Breakups within the digital age usually include blurred strains and public scrutiny. A latest social media interplay between ex-couple Malaika Arora and Arjun Kapoor has caught the web’s consideration.
Malaika shared a Sunday picture dump that includes moments from a sluggish morning, self-care rituals in a bathrobe and pyjamas, meals by way of the day, and a fastidiously organized eating desk. Among the many sequence was a quote by poet Rumi that learn, “I don’t love you with my coronary heart and thoughts, I like you with my soul, in case my thoughts forgets and my coronary heart stops.” Arjun Kapoor was one of many many celebrities to love the publish.
The gesture, although delicate, sparked hypothesis amongst netizens.

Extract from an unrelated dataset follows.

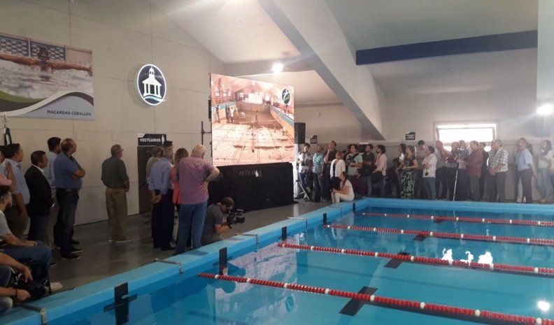 El intendente hizo la presentación de las reformas. En el acto estuvieron Agustín Calleri (ex diputado), Martín Herrera, titular de Deportes Río Cuarto y la nadadora Macarena Ceballos

One person wrote, “Arjun is again,” whereas one other added, “Such a loss for you Arjun, go get again to her.” Arjun and Malaika, who dated for almost six years earlier than parting methods final yr, have maintained restricted public interplay since their breakup.
Throughout a 2024 occasion for Singham Once more, Arjun addressed his relationship standing, saying, “Abhi single hoon important, calm down.” Malaika, in an interview with ETimes, responded, “I’m a really personal individual, and there are particular facets of my life which I don’t wish to elaborate on a lot. I’ll by no means select a public platform to speak about my private life. So, no matter Arjun has stated is fully his prerogative.”
Not a lot is understood about Malaika Arora and Arjun Kapoor’s respective love lives as of but, however their temporary digital interplay has reopened conversations about how individuals navigate boundaries and feelings post-breakup.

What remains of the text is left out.